- [EXERCISE DATA]:
# # # #
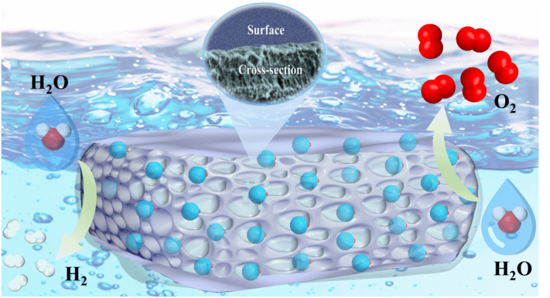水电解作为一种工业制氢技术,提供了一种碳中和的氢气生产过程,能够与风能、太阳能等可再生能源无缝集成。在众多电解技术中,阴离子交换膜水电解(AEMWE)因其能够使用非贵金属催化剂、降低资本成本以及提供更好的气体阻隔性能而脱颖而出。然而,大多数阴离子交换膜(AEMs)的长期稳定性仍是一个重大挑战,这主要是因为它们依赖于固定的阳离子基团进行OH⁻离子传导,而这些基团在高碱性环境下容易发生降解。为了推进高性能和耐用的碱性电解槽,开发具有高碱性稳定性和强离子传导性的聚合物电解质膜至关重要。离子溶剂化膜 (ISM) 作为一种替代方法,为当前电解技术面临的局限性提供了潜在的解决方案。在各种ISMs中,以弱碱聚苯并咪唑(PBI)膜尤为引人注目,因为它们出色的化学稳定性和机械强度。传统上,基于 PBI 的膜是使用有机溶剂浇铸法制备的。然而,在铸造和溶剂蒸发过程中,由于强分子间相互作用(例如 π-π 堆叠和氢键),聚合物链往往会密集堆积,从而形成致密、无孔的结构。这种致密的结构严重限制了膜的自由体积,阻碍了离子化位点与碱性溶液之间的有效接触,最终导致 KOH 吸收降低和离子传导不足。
# # # #
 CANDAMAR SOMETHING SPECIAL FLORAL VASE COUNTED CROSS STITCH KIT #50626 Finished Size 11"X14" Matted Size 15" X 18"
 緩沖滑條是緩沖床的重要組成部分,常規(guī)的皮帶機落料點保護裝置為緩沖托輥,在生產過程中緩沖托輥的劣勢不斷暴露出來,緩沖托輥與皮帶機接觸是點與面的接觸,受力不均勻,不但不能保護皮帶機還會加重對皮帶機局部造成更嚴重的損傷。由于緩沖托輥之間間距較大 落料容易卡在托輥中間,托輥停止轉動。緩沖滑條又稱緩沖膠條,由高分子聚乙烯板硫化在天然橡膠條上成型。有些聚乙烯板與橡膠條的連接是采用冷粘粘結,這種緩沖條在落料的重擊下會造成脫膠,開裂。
# # # #
- [PROBLEM DESCRIPTION]: Copy only this part of the entries above: the line with "CANDAMAR SOMETHING SPECIAL", the line with "緩沖滑條是緩沖床的重要組成部", and the lines between, all exactly as written.

- [ANSWER SECTION]:
 CANDAMAR SOMETHING SPECIAL FLORAL VASE COUNTED CROSS STITCH KIT #50626 Finished Size 11"X14" Matted Size 15" X 18"
 緩沖滑條是緩沖床的重要組成部分,常規(guī)的皮帶機落料點保護裝置為緩沖托輥,在生產過程中緩沖托輥的劣勢不斷暴露出來,緩沖托輥與皮帶機接觸是點與面的接觸,受力不均勻,不但不能保護皮帶機還會加重對皮帶機局部造成更嚴重的損傷。由于緩沖托輥之間間距較大 落料容易卡在托輥中間,托輥停止轉動。緩沖滑條又稱緩沖膠條,由高分子聚乙烯板硫化在天然橡膠條上成型。有些聚乙烯板與橡膠條的連接是采用冷粘粘結,這種緩沖條在落料的重擊下會造成脫膠,開裂。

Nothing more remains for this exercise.